▸ Exercise data
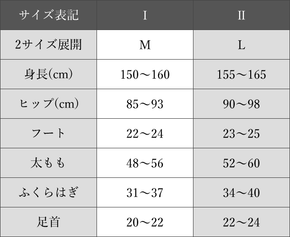 足のむくみ・疲れ改善等の効果には個人差がございます。また伝線につきましても、一般的なストッキングに比べて、破れにくく伝線しにくい構造になっておりますが、使用状況などにより、必ずしも破れないことを保証するものではございませんので、ご了承くださいませ。
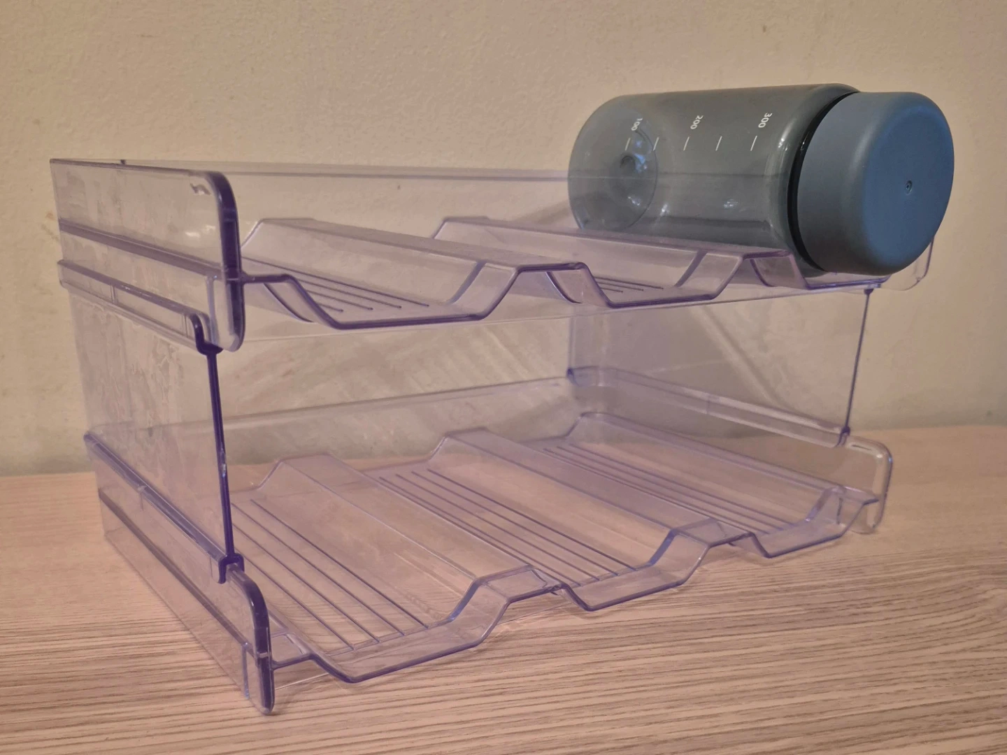 Selling a clear, two-tier water bottle organizer. It's perfect for keeping your water bottles tidy and accessible. Great for the fridge or pantry! Never used.
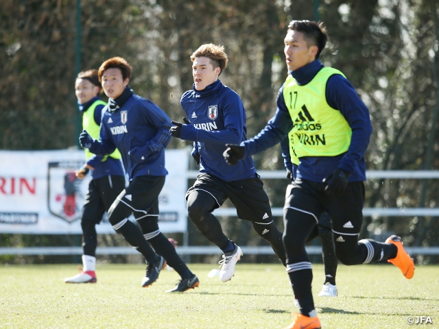 SAMURAI BLUE(日本代表)は3月20日(火)、ベルギーのリエージュで行われる国際親善試合マリ代表戦(23日・金)とキリンチャレンジカップ2018 in EUROPEのウクライナ代表戦へ向けて、リエージュ郊外で合宿2日目の練習を実施しました。
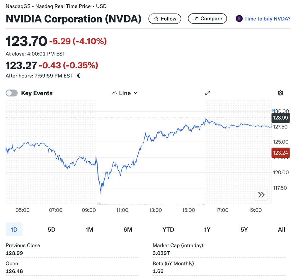 此前受DeepSeek证明以有限计算资源足以创建先进模型的影响,英伟达在当地时间周一市值蒸发5890亿美元,股价跌至118美元/股,周二反弹至127美元/股。而在可能扩大芯片限制的消息传出后,英伟达股价再度跌超4%,至123美元/股。
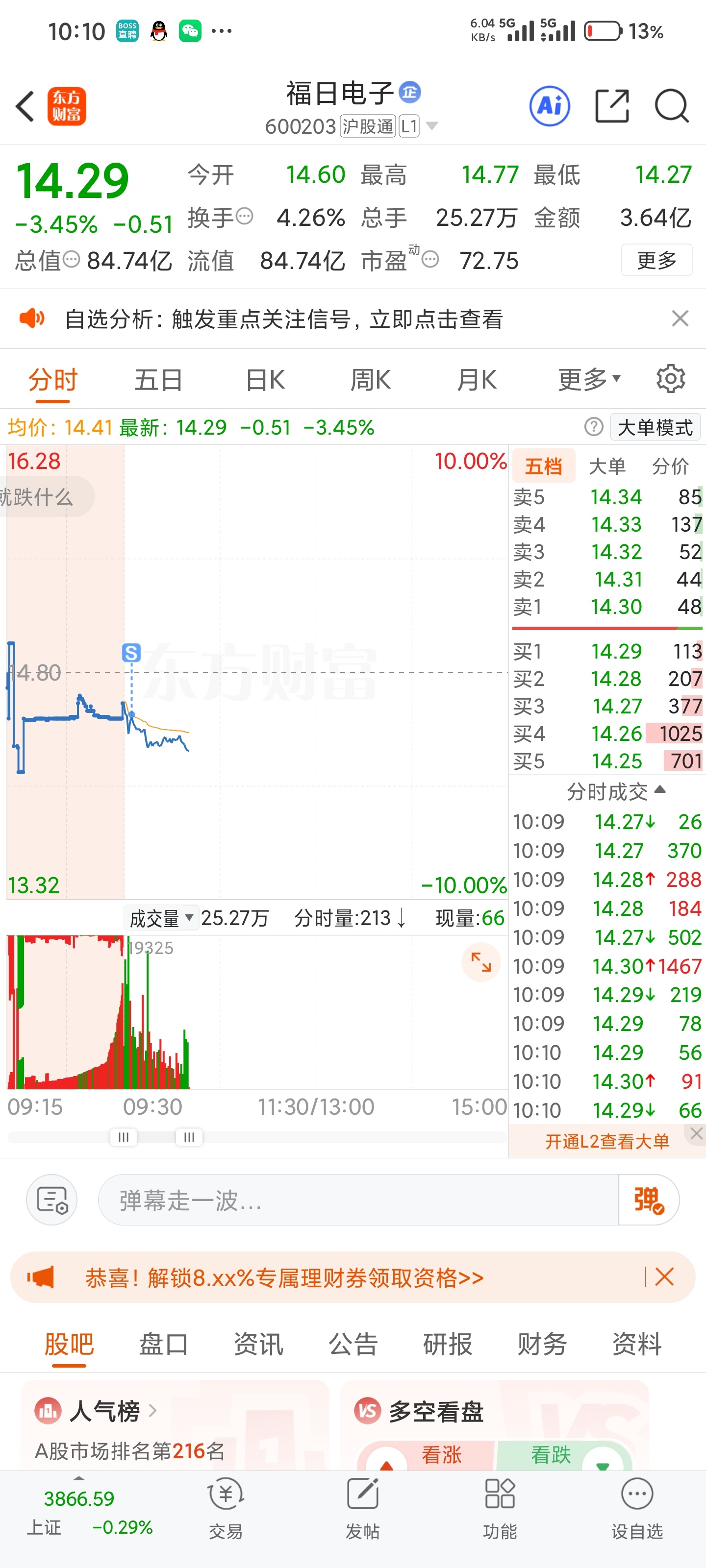$福日电子(SH600203)$ 终于卖了,一身轻
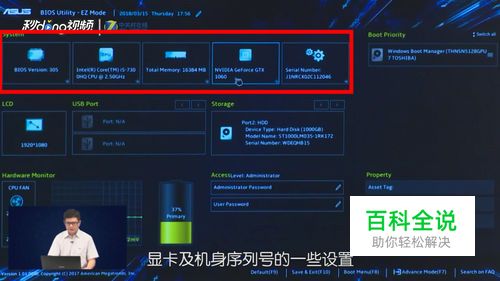 在BIOS界面上方,我们可以看到CPU、显卡及机身序号的一些设置。
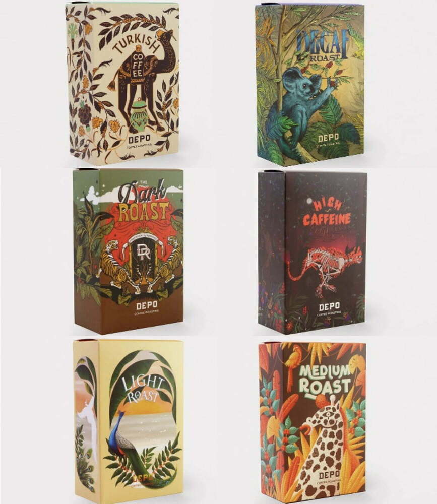 Ambalajın ön tarafında Depo Coffee Roasting logosu ve her kavrulma çeşidi için öne çıkarılan hayvan yer alıyor. Arka tarafta ise illüstratörlerin çizimlerine yer veriliyor. Ayrıca yine ön kısımda her kahvenin temel bilgilerinin yer aldığı bir etiket bulunuyor.

▸ Work instruction
Print, without pictures, exactly the lines from the one containing "此前受DeepSeek证明以" through the final line of the records above.

▸ Written solution
 此前受DeepSeek证明以有限计算资源足以创建先进模型的影响,英伟达在当地时间周一市值蒸发5890亿美元,股价跌至118美元/股,周二反弹至127美元/股。而在可能扩大芯片限制的消息传出后,英伟达股价再度跌超4%,至123美元/股。
$福日电子(SH600203)$ 终于卖了,一身轻
 在BIOS界面上方,我们可以看到CPU、显卡及机身序号的一些设置。
 Ambalajın ön tarafında Depo Coffee Roasting logosu ve her kavrulma çeşidi için öne çıkarılan hayvan yer alıyor. Arka tarafta ise illüstratörlerin çizimlerine yer veriliyor. Ayrıca yine ön kısımda her kahvenin temel bilgilerinin yer aldığı bir etiket bulunuyor.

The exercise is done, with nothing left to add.